» To do
Find, in the records below, the line that contains "All black interior" and the line that contains "Pantalone barrel con". Copy those two lines and everything between them exactly, but not the pictures.

» Records for this exercise
━━━━━━━━
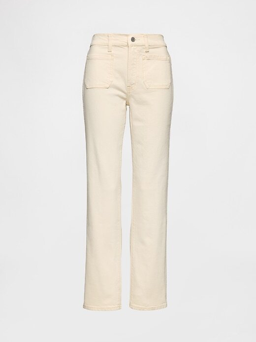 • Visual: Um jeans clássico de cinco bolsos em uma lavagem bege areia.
━━━━━━━━
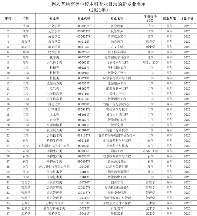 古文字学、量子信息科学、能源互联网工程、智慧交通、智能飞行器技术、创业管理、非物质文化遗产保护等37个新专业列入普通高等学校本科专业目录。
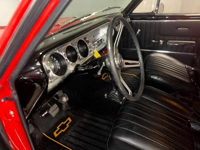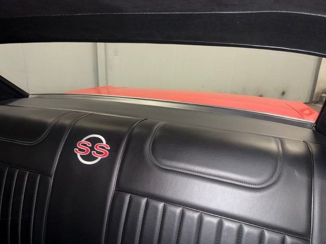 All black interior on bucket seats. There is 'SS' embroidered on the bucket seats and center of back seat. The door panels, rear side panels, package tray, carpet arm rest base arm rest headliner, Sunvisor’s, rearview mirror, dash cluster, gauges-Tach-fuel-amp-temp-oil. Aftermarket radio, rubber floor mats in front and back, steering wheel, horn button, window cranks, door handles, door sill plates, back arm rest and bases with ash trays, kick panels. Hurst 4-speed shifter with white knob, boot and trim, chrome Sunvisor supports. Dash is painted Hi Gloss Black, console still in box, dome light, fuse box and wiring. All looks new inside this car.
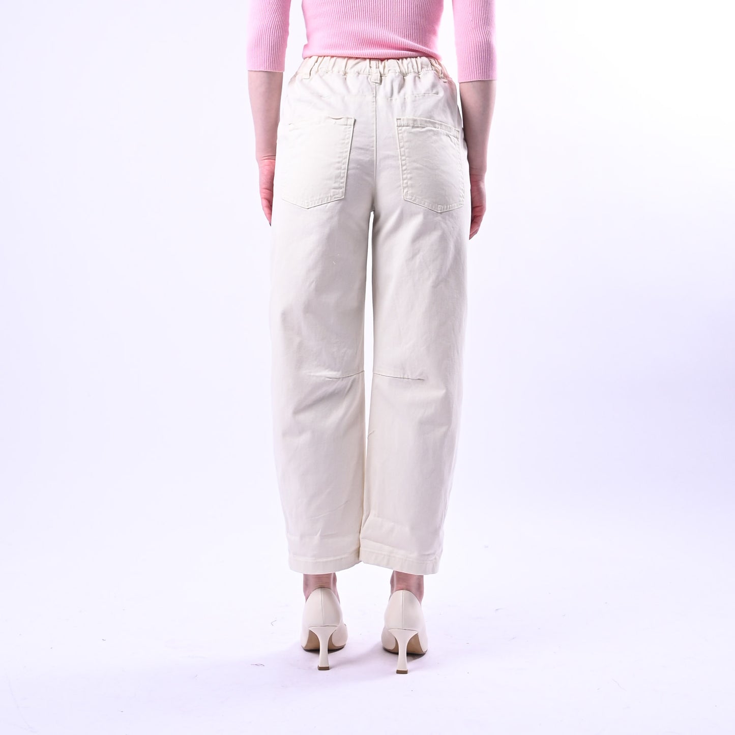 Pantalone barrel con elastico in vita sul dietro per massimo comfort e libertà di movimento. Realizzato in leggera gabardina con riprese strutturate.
━━━━━━━━
» The completed task
 All black interior on bucket seats. There is 'SS' embroidered on the bucket seats and center of back seat. The door panels, rear side panels, package tray, carpet arm rest base arm rest headliner, Sunvisor’s, rearview mirror, dash cluster, gauges-Tach-fuel-amp-temp-oil. Aftermarket radio, rubber floor mats in front and back, steering wheel, horn button, window cranks, door handles, door sill plates, back arm rest and bases with ash trays, kick panels. Hurst 4-speed shifter with white knob, boot and trim, chrome Sunvisor supports. Dash is painted Hi Gloss Black, console still in box, dome light, fuse box and wiring. All looks new inside this car.
 Pantalone barrel con elastico in vita sul dietro per massimo comfort e libertà di movimento. Realizzato in leggera gabardina con riprese strutturate.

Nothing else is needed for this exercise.